17 страница31 мая 2024, 16:03

Чужой дом

— Чтоб вас также к дьяволу в котлы вели, особенно утырков ваших мелких, поня'л?—сплюнул под ноги немчукв Аврелий.—Суки. Сажайте, сажайте меня, одни сажали, другие сажали, да только хрена с два я кому дался. Мне это все уже даже не интересно, попытки ваши несчастные, знаю, что выберусь. Обосретесь вы еще, товарищи.

— Нихт шпрехен.

Немчук почти обиженно подергал бровями, но матерного ничего не сказал, а только сдержанно указал на дверь

— На квартиру приглашаете?

Немчук в этот раз совсем ничего не ответил. Аврелий погрозил ему кулаком, сам не зная зачем, косо посмотрел на винтовку и шагнул внутрь.

Немчук ушел, закрылась дверь. Аврелию немного взгрустнулось, все-таки от туповатого немчука что-то где-то разило младенческой инфантильностью, которая отчасти свойственна человеку, а тут, в камере,—тлен, да моча с говном. Свет яичный струится внутрь со смрадом, гоняет пыль по комнате табунами; стоят в ряд двухэтажные лежанки, почему-то пустые, а может и просто люди на них так сроднились с этой камерной желтизной и прелью, что сами стали невидимы на простынях, ушли в бессознательное, совсем как Машка тогда, на званом с Бирюлевыми.

Продрав глаза, Аврелий, разобрал какого-то скелетика на нижней койке справа, тихо-тихо уткнувшегося носом в стену.

— Дядька, че молчишь, как неродной, принимай гостя в свой терем.

Скелет упал на спину, помолчал, будто собирая внутри себя кишки, широко распахнул глаза.

— А я вас знаю, да...,—с расстановкой выкатил из себя слова тощак.

— Тьфу ты, еще один знакомый что ли? Страна ого-го какая, а натыкаешься в ней на своих, как в пчелином улье. Первый раз тебя, дядь, в глаза вижу, обознался ты, може?

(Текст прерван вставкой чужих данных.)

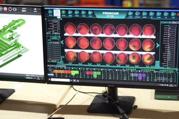 En el corazón del sistema se encuentra la tecnología de visión óptica S7.5 PRO de Reemoon, emparejada con una avanzada unidad interna de detección de calidad. Esta combinación permite a la máquina clasificar las manzanas por peso, tamaño, color y defectos externos, a la vez que comprueba cualidades internas como Brix, acidez, pardeamiento, moho, daños en la pulpa y otros problemas ocultos. El proceso es no destructivo, lo lo cual es ideal para operaciones de alta velocidad y gran volumen.

— ...Да,—все еще продолжал человек, вытягиваясь по струнке от каждого слова,—вы детей учили...учили истории.

Аврелий вздохнул и сел туда же, где лежал мужчина, похлопал его по плечу.

— Тоже недокуневский? Диво, дядь, диво. Так поглядишь, и все люди, какие встречаются, наши подчистую, всех пораскидало, все на глаза лезут, уже и деваться куда не знаешь. Оно разве так бывает?—Аврелий мягко улыбнулся.—Куда ни сунься, все свои. И приятно на душе, потому как Недокунево наше, видать, с лица земли стерло, и странно до одури. Хотя и странно то уже не столько, сколько могло бы быть год назад, два. Другое чувство. Мне плен теперь до фени. Немчуки бесят, но и к ним привыкаемо. Глупые они, как пробка чисто, поорать на них только способно, от души отлегает, а так, фактически, навоз, никчемные все до последнего. Одного их кокнуть надо, мелкого, там другие сами скиснут со временем, теперь уже скоро, даже несмотря, что под столицей стоят. Стояние—дело преходящее. Постоят, постоят, кукиш увидят—и повернут.

Мужчина на кровати застонал, пополз рукой по груди, начав сдирать с нее осклизлую грязь, которая наросла от нечистоплотности, и толкать себе в рот.

— Хоть убей, не помню тебя,—Аврелий встал и от нечего делать заполз на свободную лежанку, выбрал смеха ради верхнюю, вспомнить, как в детстве всегда стремился забраться повыше.—Сторожем был, конюхом, кем? Эк тебя потрепало, неужели немчуки смогли такое?

Но мужчина не ответил. Аврелий бросил попытку дознаться. Гиблое это дело, вызнавать о том, чего и в помине больше нет.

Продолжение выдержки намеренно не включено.